*** Source records Section Begins ***
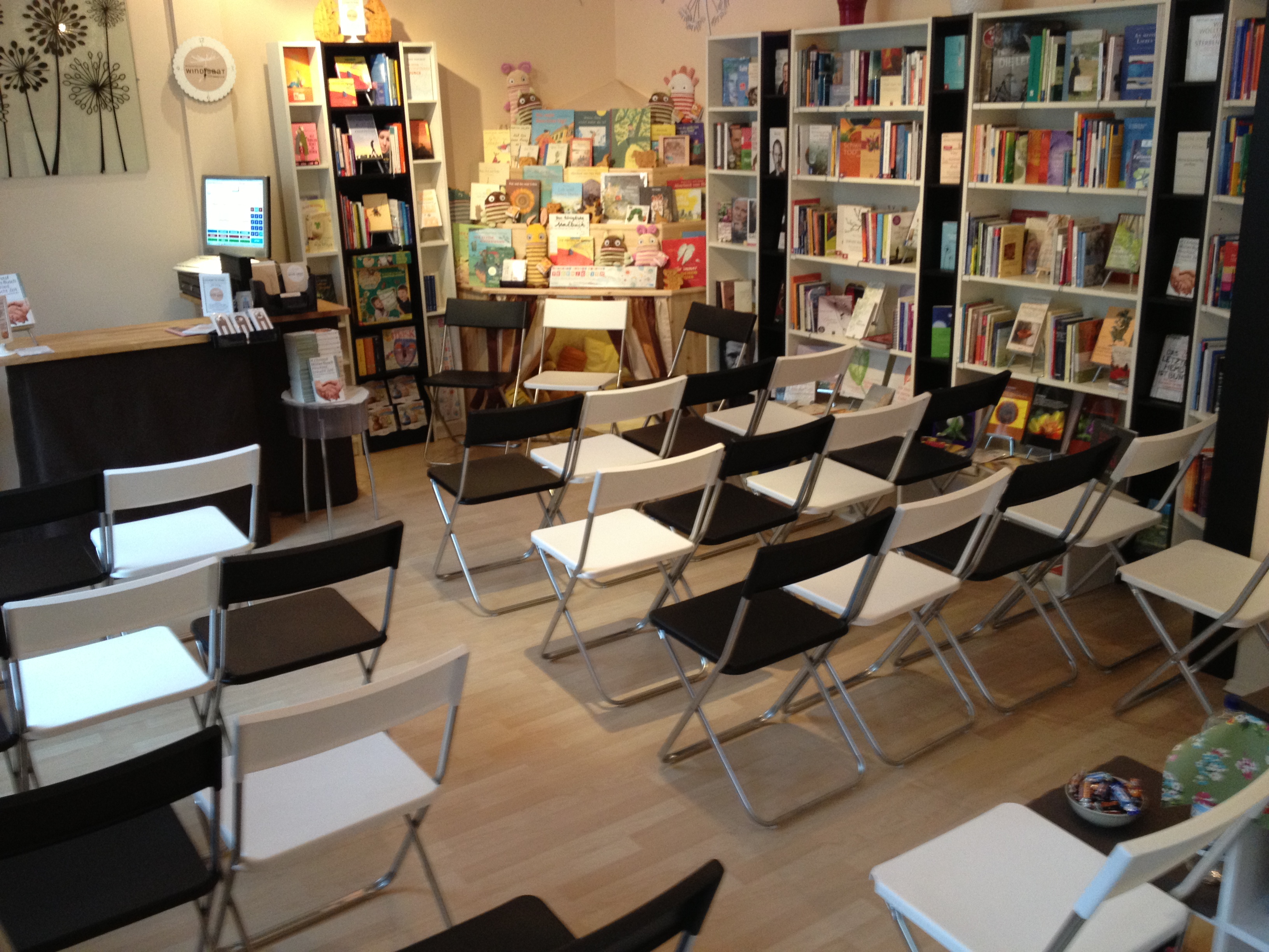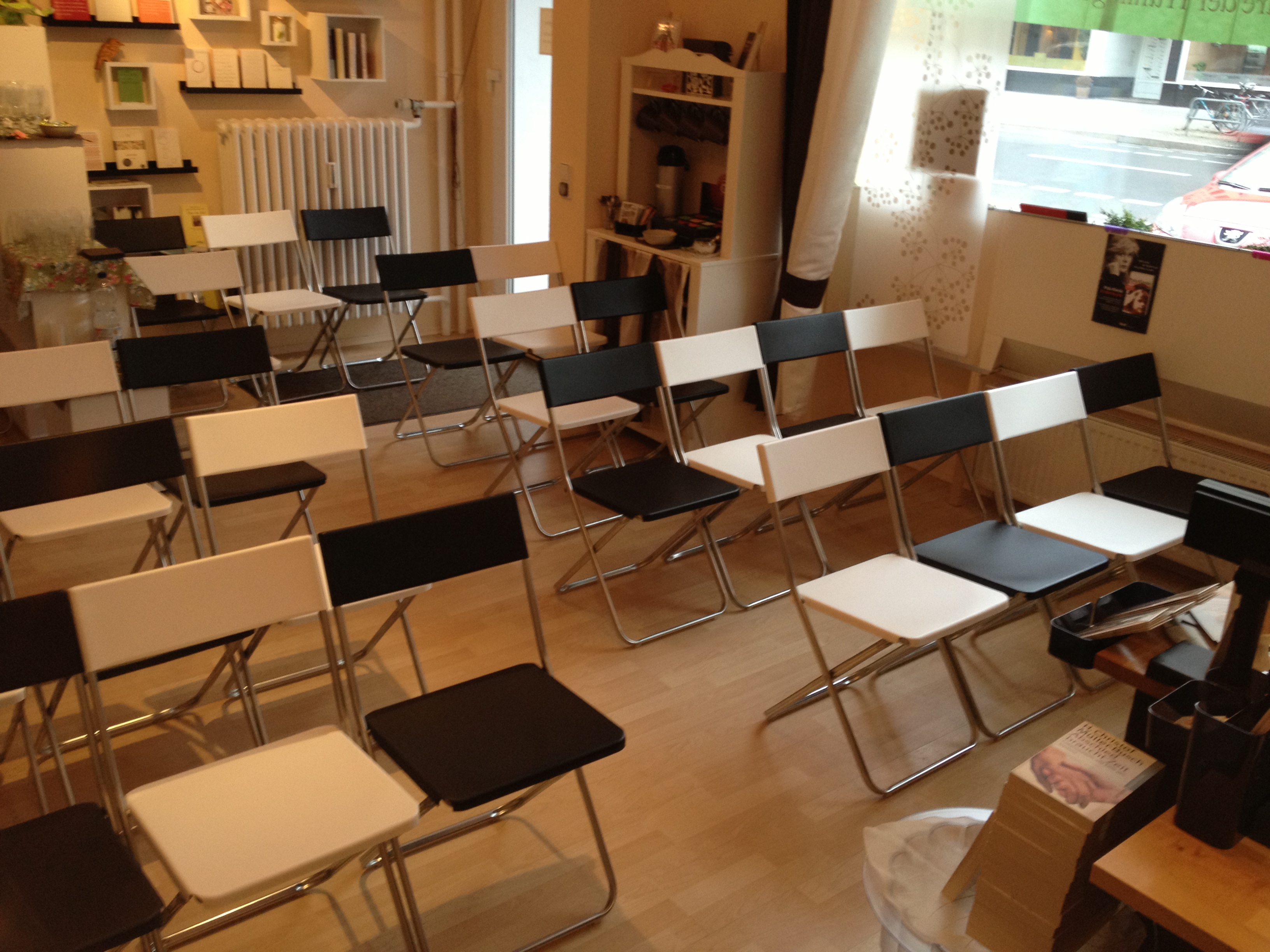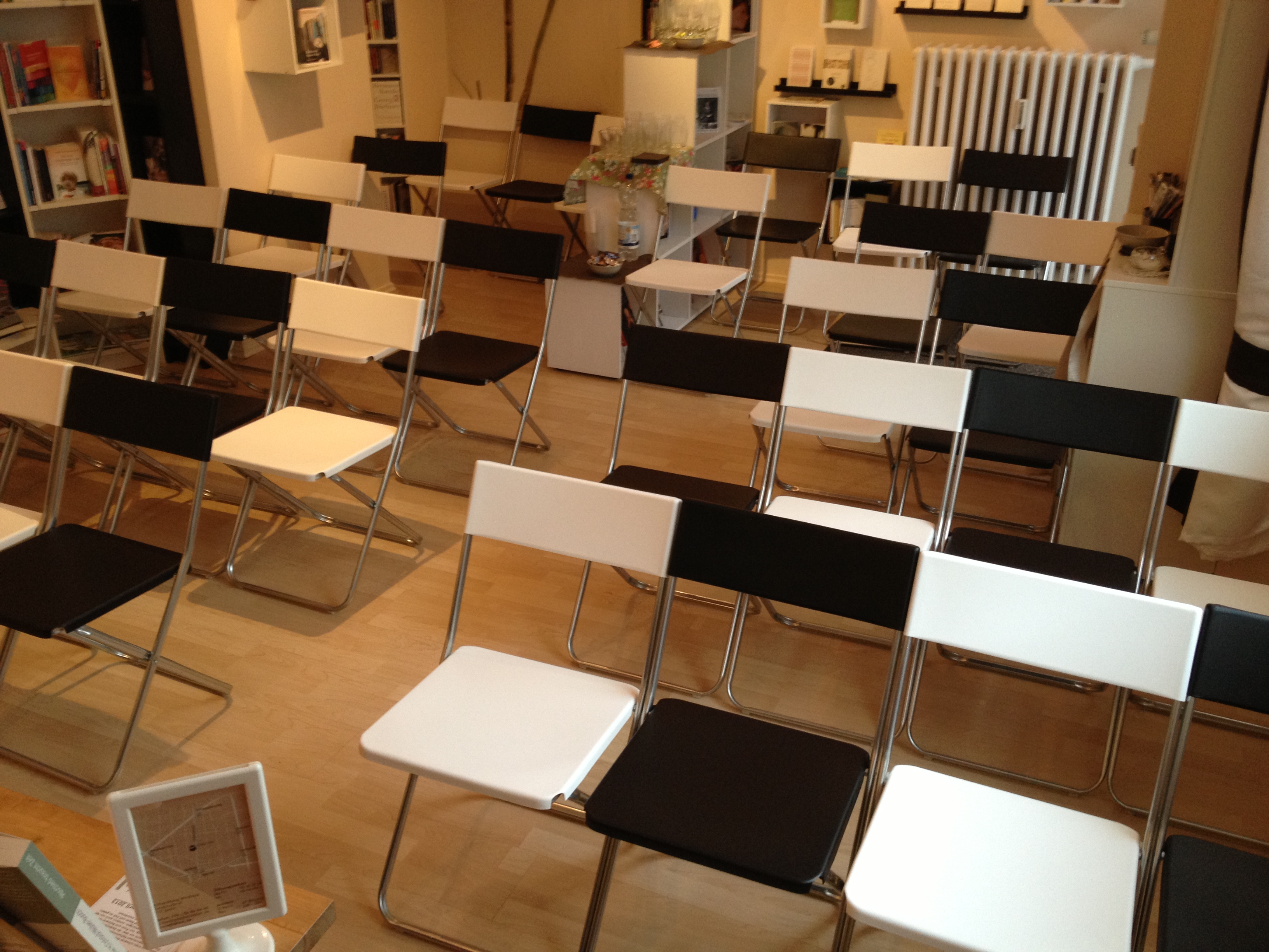 Für unsere Lesungen können im Verkaufsraum bis zu 35 Stühle gestellt werden:
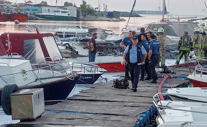 Yangına müdahale eden Hasan Taşkın, “Bizi aradılar yangın var dediler. Geldik buraya, bir baktık tekneler yanıyor. İtfaiyecilere yardım ettik. Arkadaşlarımızın teknesi. Herhalde bir kişi vardı içlerinde öyle yangın çıkarttı. 8-10 tekne yanmış. Bayağı zarar var. Sürat teknesi, yat. Özel tekneler” dedi.
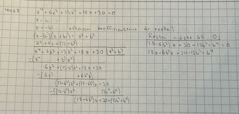 Jag har påbörjat en lösning och kommit så långt att jag antar att en rot är bi och därmed är även -bi en rot. Sedan har jag multiplicerat dessa rötter och gjort polynomdivision. Resten måste sedan bli noll och jag tänkte att man då kan bestämma b, för att sedan lösa ekvationen. Se bild nedan:
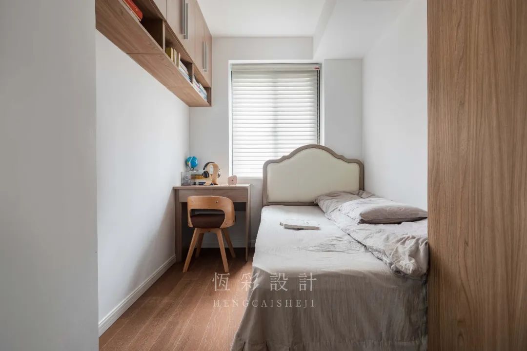放弃了凌乱的柜体布局,保留基本的休息+学习+储物功能,尽显整洁。
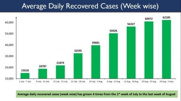 The number of recovered patients has grown 4 times from the first week of July to the last week of August 2020.
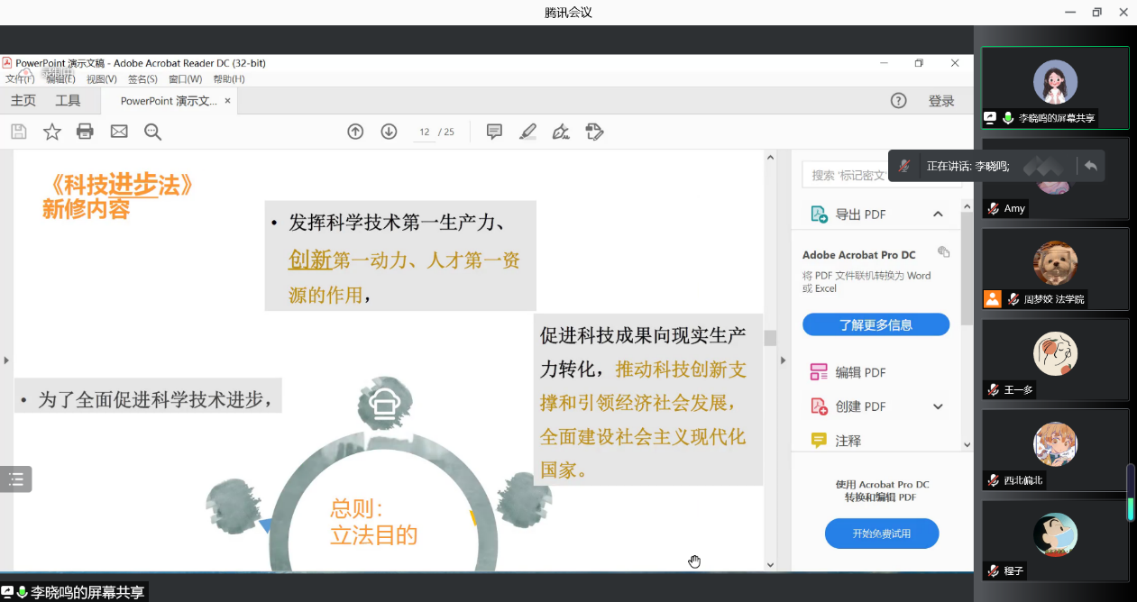 2022年1月9日晚上,万搏·体育万搏·体育知识产权研究中心李晓鸣副教授对修订后的科技进步法的背景、新旧科技进步法的内容进行了对比,并对新科技进步法的亮点进行了详细介绍。同学们表示收获颇丰。
*** Source records Section Ends ***
** Exercise instructions **
Print only the lines from the one with "Jag har påbörjat" through the last line of the data above, exactly and with both ends, and please omit any pictures.

** Exercise solution **
 Jag har påbörjat en lösning och kommit så långt att jag antar att en rot är bi och därmed är även -bi en rot. Sedan har jag multiplicerat dessa rötter och gjort polynomdivision. Resten måste sedan bli noll och jag tänkte att man då kan bestämma b, för att sedan lösa ekvationen. Se bild nedan:
放弃了凌乱的柜体布局,保留基本的休息+学习+储物功能,尽显整洁。
 The number of recovered patients has grown 4 times from the first week of July to the last week of August 2020.
 2022年1月9日晚上,万搏·体育万搏·体育知识产权研究中心李晓鸣副教授对修订后的科技进步法的背景、新旧科技进步法的内容进行了对比,并对新科技进步法的亮点进行了详细介绍。同学们表示收获颇丰。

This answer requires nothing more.